Try to compile and run this program with your C compiler and with your C++ compiler:
#include <stdio.h>
struct empty {};
int main()
{
printf("nothing is %d\n", sizeof(struct empty));
}
How big should struct empty, which contains
nothing, be?
C gets this right: 0 bytes. But C++ requires it to take 1 byte. That's so that various object identity weirdnesses work out correctly in more complicated cases. But for struct empty it's just plain crazy...
As Gorgonzola points out, it gets crazier than this. Suppose I had to write a class that implements 10 interfaces. Each interface is an empty base class, so it has size 1. Does it follow that the derived class needs at least 10 bytes, just to store 10 copies of nothing?

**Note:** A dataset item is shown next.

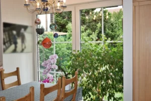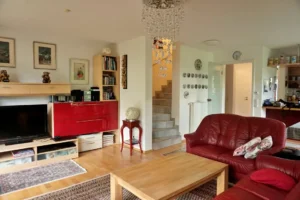 Der großzügige, offene Wohnbereich verbindet harmonisch das Wohnen, Essen und Kochen. Drei doppelt verglaste Fenster fluten den Raum mit Tageslicht, was eine strahlende und einladende Atmosphäre schafft. Die gepflegte Einbauküche, die geschickt als halbhohe Raumtrennung integriert ist, betont die elegante Verbindung von Funktionalität und Ästhetik.

No. The empty base-class optimization is to remove all storage for empty base classes. This is required for any reasonable quality of implementation, but also adds to the craziness. It is commonly assumed that if I declare
class C: public A, protected B { ... };
then sizeof(C) >= sizeof(A)+sizeof(B). Except, of course, that if A, B and C are all empty, this may quite simply fail!
In C++, derived classes can be smaller than the sum of their base classes. But, for obvious reasons, a class cannot be smaller than the sum of its contents -- even if its contents are all empty.